EXERCISE DIRECTIONS: Set the data down again, exactly as it reads, but without the pictures.

*** MATERIAL SHOWN Section Begins ***

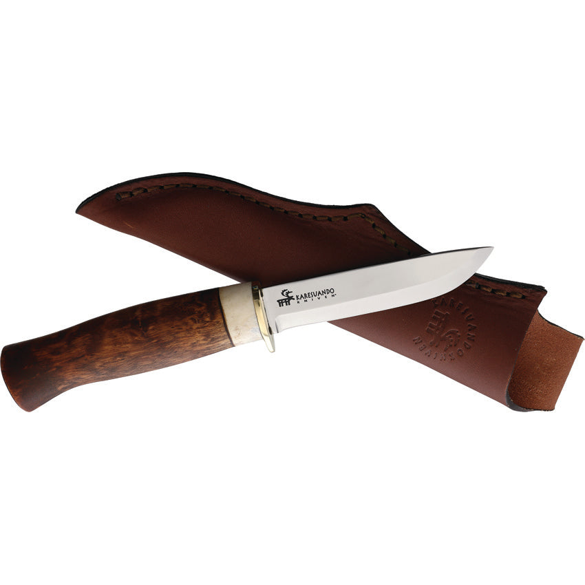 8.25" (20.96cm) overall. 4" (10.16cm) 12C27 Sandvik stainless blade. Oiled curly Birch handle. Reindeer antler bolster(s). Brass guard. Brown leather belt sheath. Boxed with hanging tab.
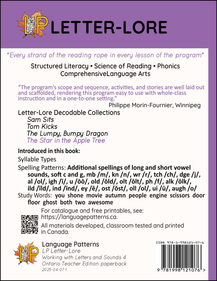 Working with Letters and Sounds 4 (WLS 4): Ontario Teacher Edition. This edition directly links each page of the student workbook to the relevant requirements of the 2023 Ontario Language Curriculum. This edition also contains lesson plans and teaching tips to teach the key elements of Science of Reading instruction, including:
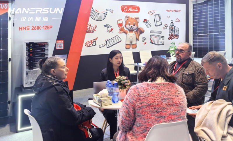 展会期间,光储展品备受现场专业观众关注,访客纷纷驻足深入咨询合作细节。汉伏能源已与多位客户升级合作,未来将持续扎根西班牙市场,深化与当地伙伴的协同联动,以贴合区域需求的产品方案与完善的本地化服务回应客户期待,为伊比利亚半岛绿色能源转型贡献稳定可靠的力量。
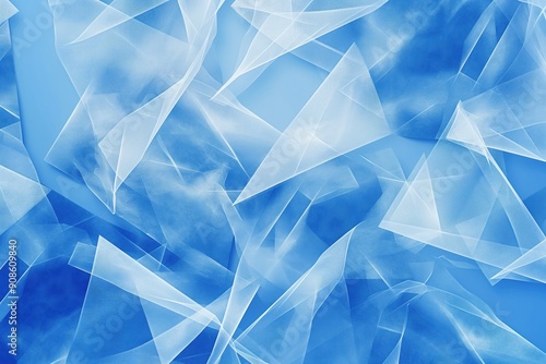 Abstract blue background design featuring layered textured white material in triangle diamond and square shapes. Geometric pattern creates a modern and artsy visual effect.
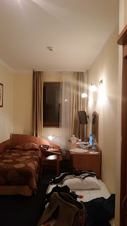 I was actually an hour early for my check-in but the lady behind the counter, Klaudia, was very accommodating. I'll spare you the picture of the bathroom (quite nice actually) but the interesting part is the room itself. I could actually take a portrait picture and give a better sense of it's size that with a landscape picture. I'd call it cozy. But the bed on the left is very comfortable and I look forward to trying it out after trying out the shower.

*** MATERIAL SHOWN Section Ends ***

YOUR RESPONSE:
 8.25" (20.96cm) overall. 4" (10.16cm) 12C27 Sandvik stainless blade. Oiled curly Birch handle. Reindeer antler bolster(s). Brass guard. Brown leather belt sheath. Boxed with hanging tab.
 Working with Letters and Sounds 4 (WLS 4): Ontario Teacher Edition. This edition directly links each page of the student workbook to the relevant requirements of the 2023 Ontario Language Curriculum. This edition also contains lesson plans and teaching tips to teach the key elements of Science of Reading instruction, including:
 展会期间,光储展品备受现场专业观众关注,访客纷纷驻足深入咨询合作细节。汉伏能源已与多位客户升级合作,未来将持续扎根西班牙市场,深化与当地伙伴的协同联动,以贴合区域需求的产品方案与完善的本地化服务回应客户期待,为伊比利亚半岛绿色能源转型贡献稳定可靠的力量。
 Abstract blue background design featuring layered textured white material in triangle diamond and square shapes. Geometric pattern creates a modern and artsy visual effect.
 I was actually an hour early for my check-in but the lady behind the counter, Klaudia, was very accommodating. I'll spare you the picture of the bathroom (quite nice actually) but the interesting part is the room itself. I could actually take a portrait picture and give a better sense of it's size that with a landscape picture. I'd call it cozy. But the bed on the left is very comfortable and I look forward to trying it out after trying out the shower.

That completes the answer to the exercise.